Very interesting to watch, though I don't really have a great idea of what's going on most of the time. Performance seems to be fairly poor despite my system being pretty beefy (Ryzen 9 7950x3d). I see the performance monitor and notice that the render loop seems to fairly regularly exceed the latency for 60fps, despite this being a 'simple' task by modern standards. I'd give more helpful feedback as to why, but the minified code makes it hard to say.
Do you plan on monetizing this somehow? If not, open sourcing some, if not all, would be pretty cool, even if it weren't necessarily licensed in a way that others could 'take' it, if that's your concern. Nonetheless, a very cool project.
The ShowHN a few days ago, https://news.ycombinator.com/item?id=46613549
Neat simulation, but something seems up with the traits. I have ended up with two lineages with ridiculously high "Predate" scores - one with over 10^22 "percent".
Also, it's currently running at 1 tick per second...
This is awesome. How do you integrate morphology into the simulation? Does morphology effect movement (via area friction or mass impact on momentum) or metabolism (via area/volume ratio)?
I'm not sure if it's a local issue or intended, but the dots change color when crossing different niches(?), like their color is filtered through the background pane.

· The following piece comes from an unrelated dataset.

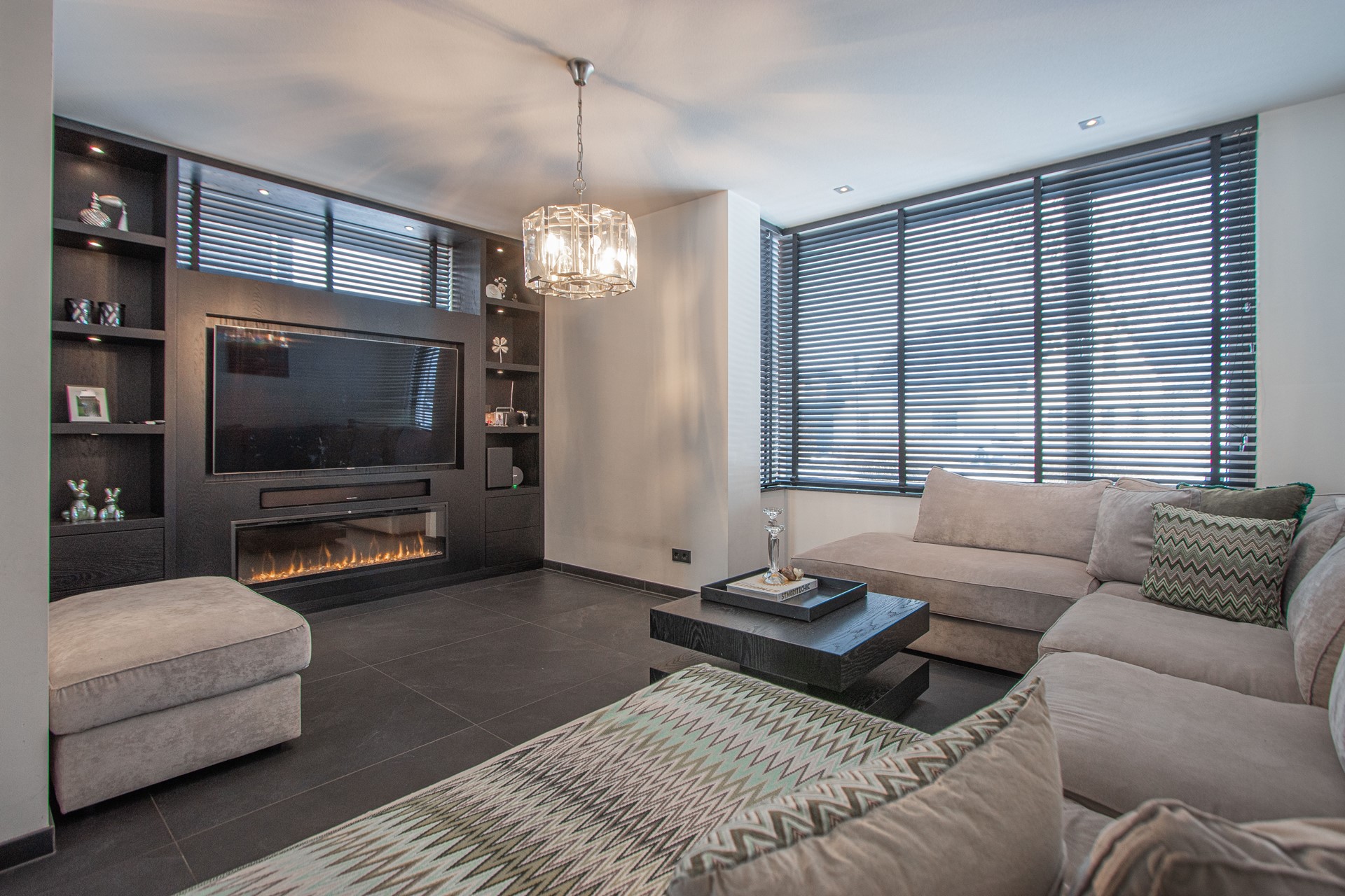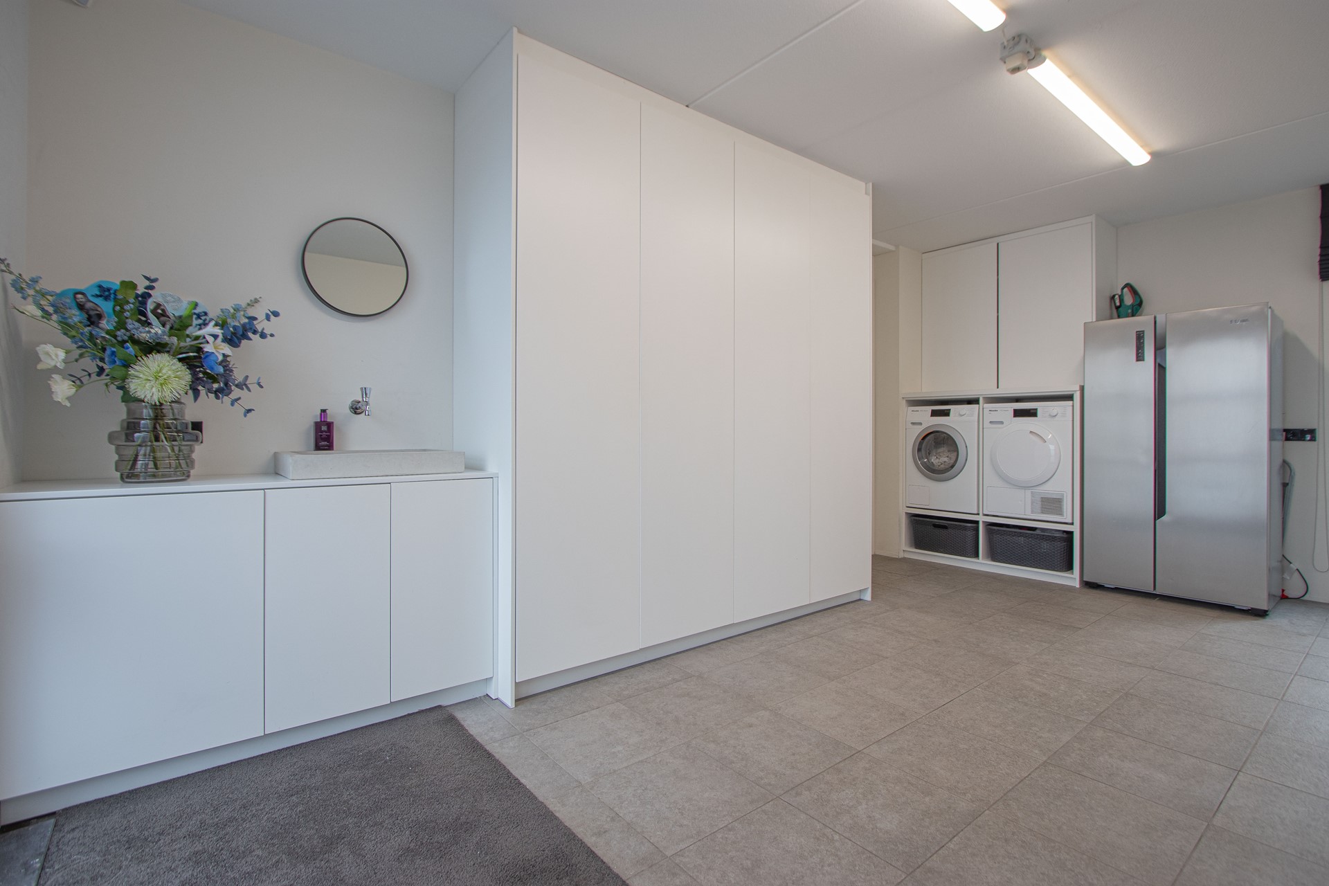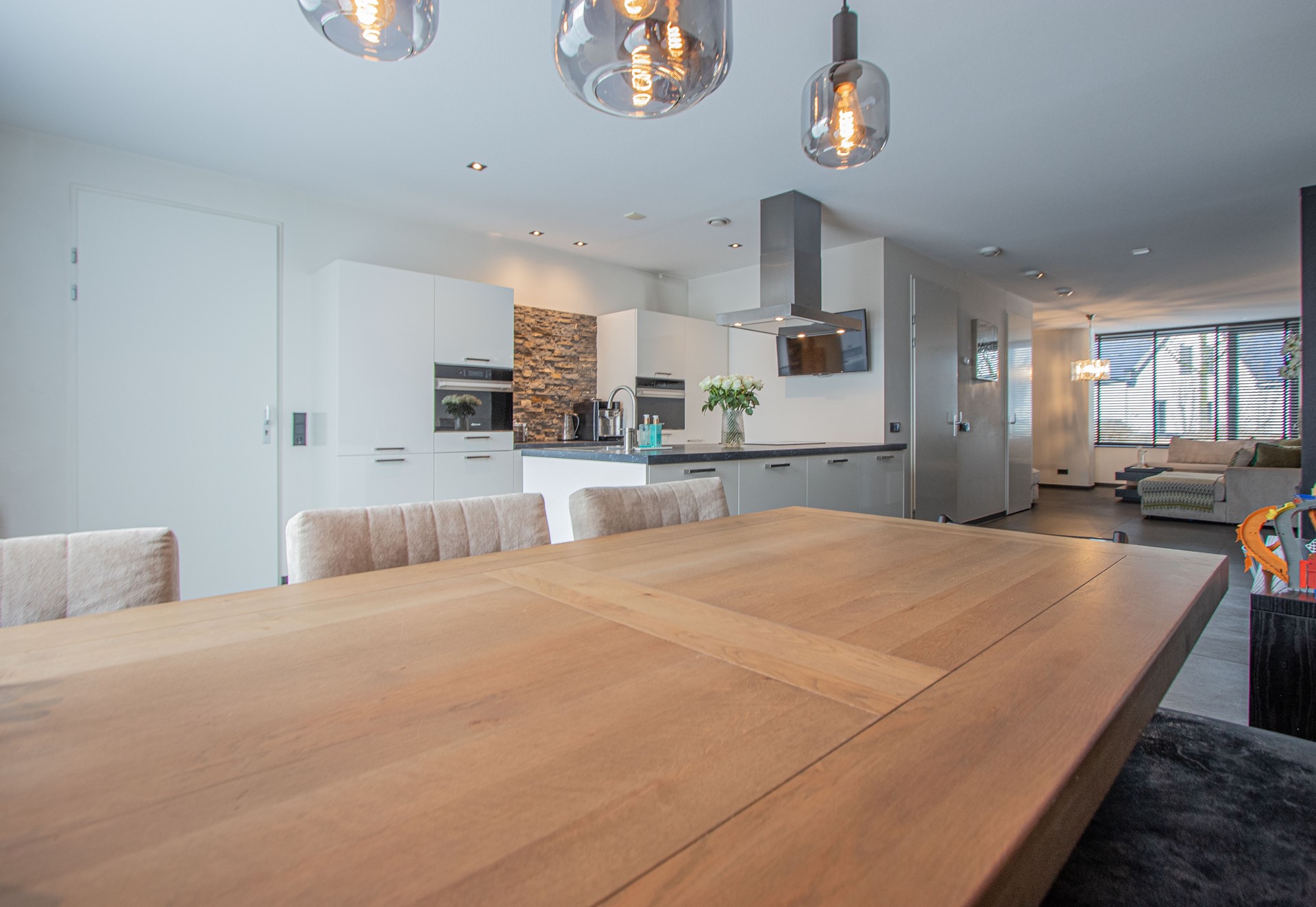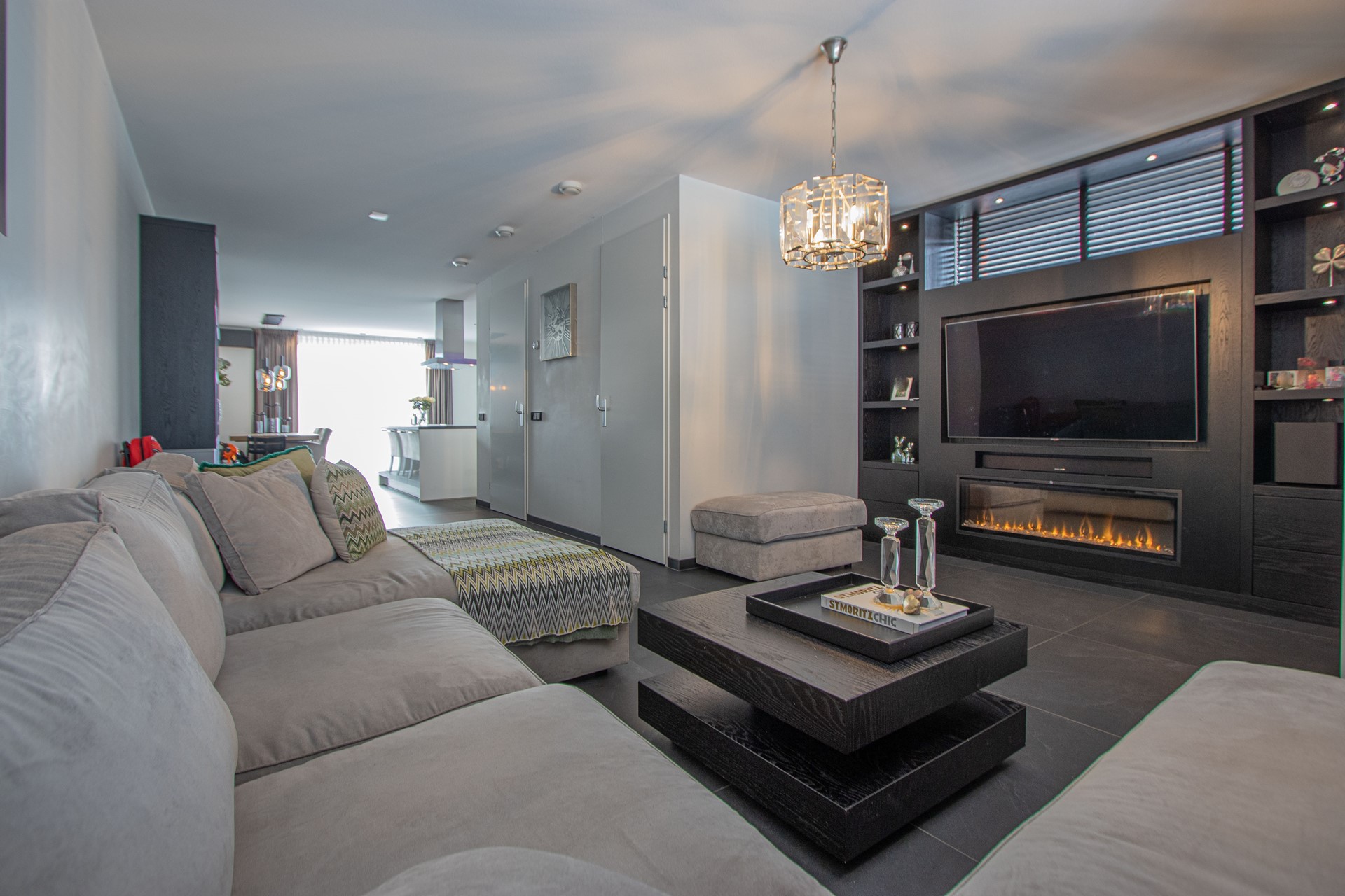 Via de entree kom je binnen in de verzorgde hal met luxe trapafwerking, meterkast, alarminstallatie, camera’s (ter overname) en een modern toilet met fonteintje. Vanuit de hal is toegang tot de royale woonruimte, die is afgewerkt met een strakke antracietkleurige (90x90cm) tegelvloer en is voorzien van comfortabele vloerverwarming. De wanden zijn strak gestukt en in de woonkamer is een prachtige maatwerk tv-kastenwand met sfeerhaard (ter overname) aanwezig. De natuurstenen vensterbanken zorgt voor een luxe en een rustige uitstraling in het geheel. De woonkamer biedt volop ruimte voor een comfortabele zithoek en staat in open verbinding met de eetkamer en de FENOMENALE LEEFKEUKEN met KOOKEILAND. Deze bevinden zich aan de achterzijde van de woning waarbij de grote schuifdeur zorgt voor een mooie lichtinval en AIRCO. De SUPER-DE- LUXE KEUKEN vormt het hart van de woning en is uitgevoerd met een KOOKEILAND en diverse inbouwapparatuur, welke bestaat uit o.a. combi magnetron, stoomoven, vaatwasser, koelkast ,diepvries en een inductiekookplaat met RVS afzuigkap. Daarnaast beschikt de keuken over veel bergruimte en een praktisch werkblad, ideaal voor dagelijks gebruik én uitgebreide diners met familie en vrienden. Vanuit de keuken is multifunctionele ruimte (oudsher garage) te bereiken, ideaal voor de ondernemers voor een praktijk of salon aan huis van ruim 21m². Deze ruimte is volledig geïsoleerd, voorzien van witgoedaansluitingen met over te nemen kastenwanden en wastafel.

I would imagine the color of the dots represent specific species and shouldn't change color across environments.
love the UI. i made something along a similar concept recently: https://blinkys.entropicsystems.net/
@maybe-tomorrow out of curiosity, is my guess that this is made with help from codex correct? (I'm trying to keep up my sense for the different default aesthetics of the different models, but this one I'm not sure about)
Spent a few minutes just watching worlds unfold. There's something meditative about it.
Curious about the performance issues Meegul mentioned. These simulations can be surprisingly compute-intensive once you add physics interactions between many entities. Would love to see the code if you ever open-source it.
Nice work.
Maybe off topic but this site feels very vibe coded to me. Doesn't mean it's necessarily slop, it seems interesting. But I guess it's just too much effort on the UI and other things like that which someone with a limited budget wouldn't spend time on (but an AI can) vs the core thing. Just an observation (and apologies if I'm wrong).
Its not working for me, there is an SSL error. `SSL_ERROR_RX_RECORD_TOO_LONG`
Looks very cool, so congrats, but I'm not that interested without a description of the genomes, etc.
It's cool. Curious what libraries you're building on, from a web front-end perspective, to make the UI and charts etc?
The website does not make it clear what is it about, is this a Conway's game of life implementation?
Really like what you are going for.
I'd like more hover help to explain features, so i can read them while it runs. Next to 'Cognition' there is some help. I'd like that on all parameters.
And, would like to see results from multiple long term runs. Does it settle out in particular configurations over time?
And, need little more short description of what is going on, since it seems to cycle around different stability points and not really one life form take off.
I notice it mentions microbrains, in case people are interested, a similar fruitflies evolving brains is this one: (Desktop only).
https://claude.ai/public/artifacts/8f39482c-b2c7-4bd6-8d47-4...
click the maze and you can watch flies genetically evolve brains to beat the level. Genetic algorithms beat every version of backprop and transformer architecture that I tried. Pause it and click one of the flies for a stunning visualization of its whole brain.
A couple sprites might help better understand what is going on, and feel better emotional connection to these lives.
If you’re interested in what’s happening under the hood (and what isn’t), I’ve documented the concepts and abstractions here:
https://soupof.life/concepts
It’s a living doc, but should answer quite some questions.